Шрифт:
Интервал:
Закладка:
Поэтому всякий, кто старается умалить славу моего достоинства шумным богохульством бесстыдных деяний, силится уменьшить и твою почесть силою беззаконного притеснения. Ибо тот, кто в излияниях непомерной расточительности злоупотребляет дарами Природы, лишает себя даров Фортуны сим пагубным растрачиванием. Так, блудничное чувство общности, присущее Расточительству, лживо провозглашает, что воздает честь Щедрости, поток богатств изливается в сушь бедности, блеск мудрости уклоняется во тьму глупости, сила великодушия открывается для дерзости безрассудства. Меня изнуряет изумление, почему ты не в силах сдержать слезный потоп, глядя на осуждение того, кто вредоносней всех прочих стремится нам навредить».
Тогда Щедрость, вытиранием удалив слезный поток из пределов лица и склоненную голову вновь подняв к небесам, говорит: «О порождающее начало всякой природной жизни, о нарочитая защита всех тварей, о мирового царства царица, о наднебесного государя верная заместительница!
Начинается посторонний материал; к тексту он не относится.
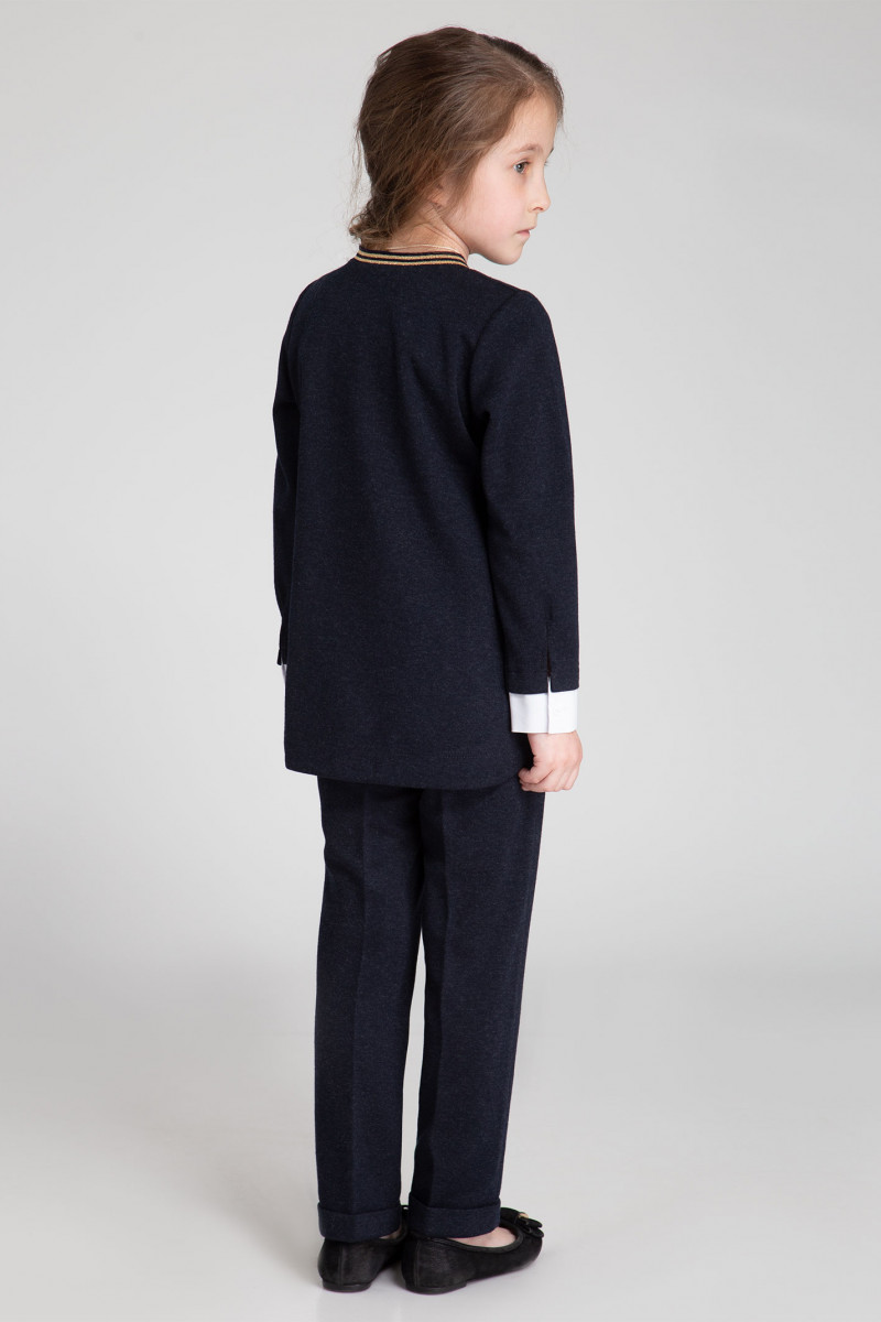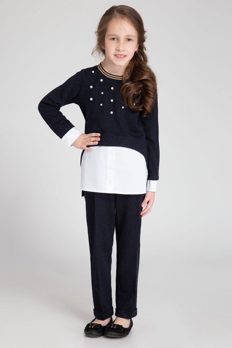 Стильный джемпер для девочки из трикотажного вискозного полотна с имитацией втачной рубашки из сорочечной ткани. Низ джемпера имеет фигурную форму: длинна переда укороченная, спинка - удлиненная. Круглая горловина обработана декоративным эластичным довязом, который обеспечивает удобство при одевании джемпера. Рукава джемпера втачные, длинные, с притачной манжетой из сорочечной ткани. Притачной манжет выполнен с застежкой на прорезную петлю и пуговицу. Перед изделия декорирован пришивными бусинами в области груди. Так же на переде в области отрезной сорочечной детали выполнена центральная застежка на петли- пуговицы.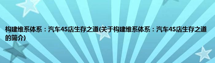 大家好,构建维系体系:汽车4S店生存之道,关于构建维系体系:汽车4S店生存之道的简介很多人还不知道,现在让我们一起来看看吧!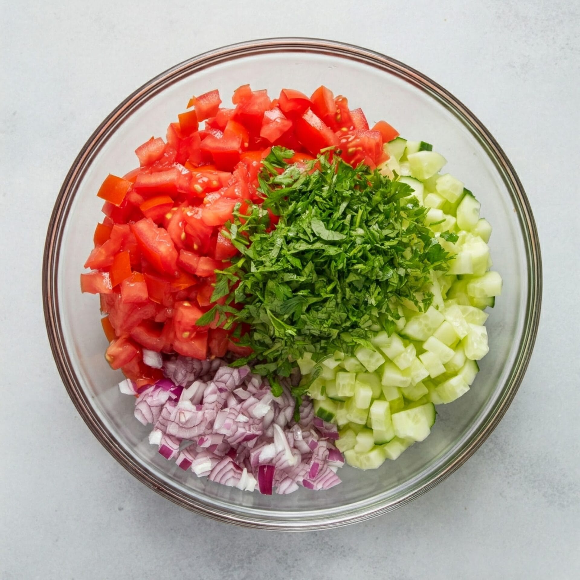 - In a large bowl, combine the prepared salad ingredients: diced tomatoes, diced cucumbers, chopped red onion, and parsley.3 Roma Tomatoes, ½ red onion, ¼ Cup Parsley, 3 English Cucumbers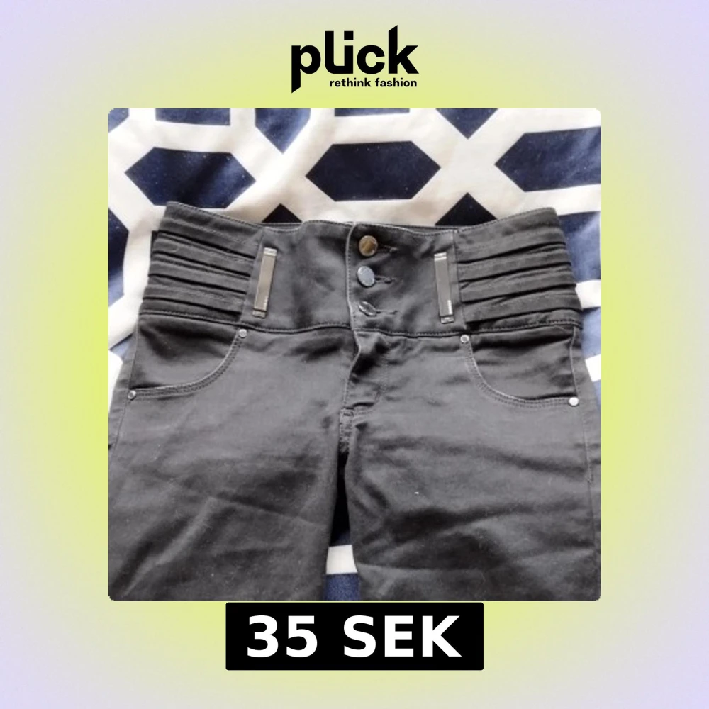 Säljer ett par svarta skinny jeans med coola detaljer. De har en mellan-låg midja med snygga veckade paneler och dekorativa dragkedjor framtill.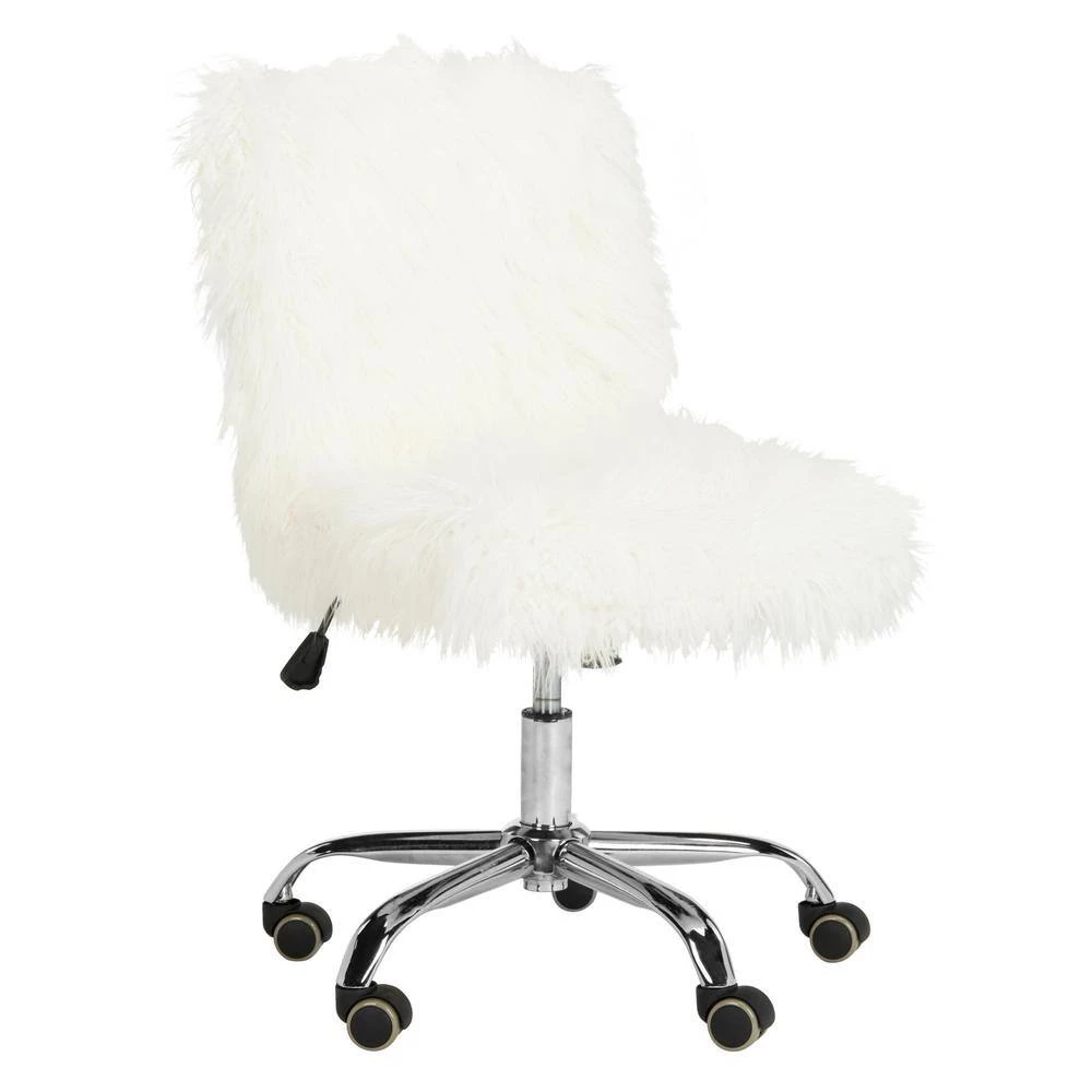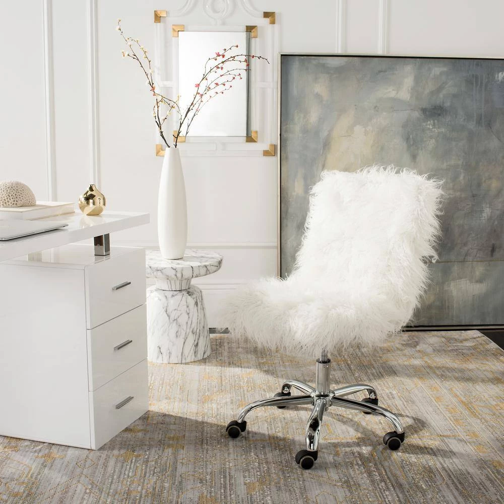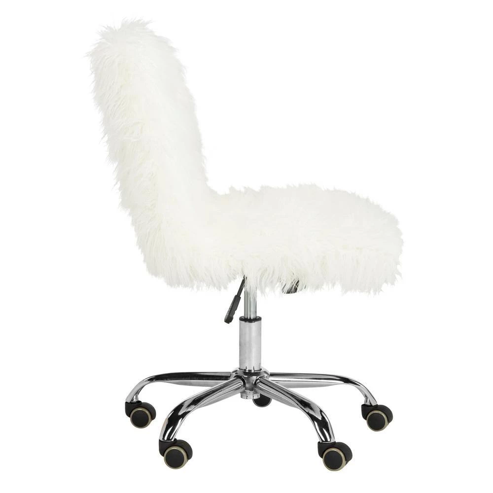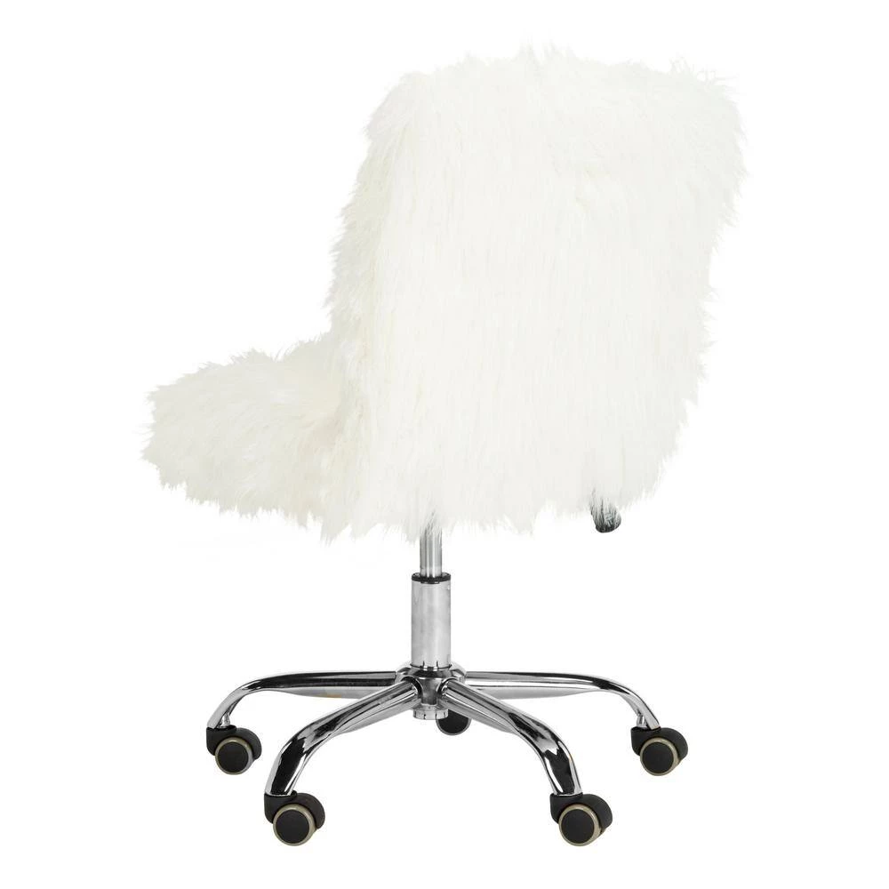 Transform any office into a glamourous work space with this contemporary faux sheepskin swivel office chair. Navigation is a breeze with its polished chrome legs and swivel mechanism and sitting atop its chic upholstery makes any occupation a dream job. Its a stunning addition to the study or contemporary office suite.

Ты, что под властью вечного владыки не повреждаешь верного правления никакой закваской; ты, кому целокупность мира по требованию изначальной справедливости обязана подчиняться; золотая цепь любви[1071] связует меня с тобою, как того требует явственное равенство нашего близкого родства.
Тот, кто, пагубными своими гнусностями выставляя на продажу свою природу, ратует против тебя в нападениях неслыханного мятежа, обрушивается на меня с дерзостью равного буйства. Хотя, обманутый призрачными образами легковерия, он считает себя сотоварищем моих предприятий, а люди, обманутые подражательной повадкой Расточительности, чуют в нем следы Щедрости, однако он отогнан и далеко удерживается от преимуществ нашего дружества. Но так как нам присуще жалеть и сострадать окольным путям сбившегося скитания, меня не могут не тронуть губительные блуждания неразумной его воли».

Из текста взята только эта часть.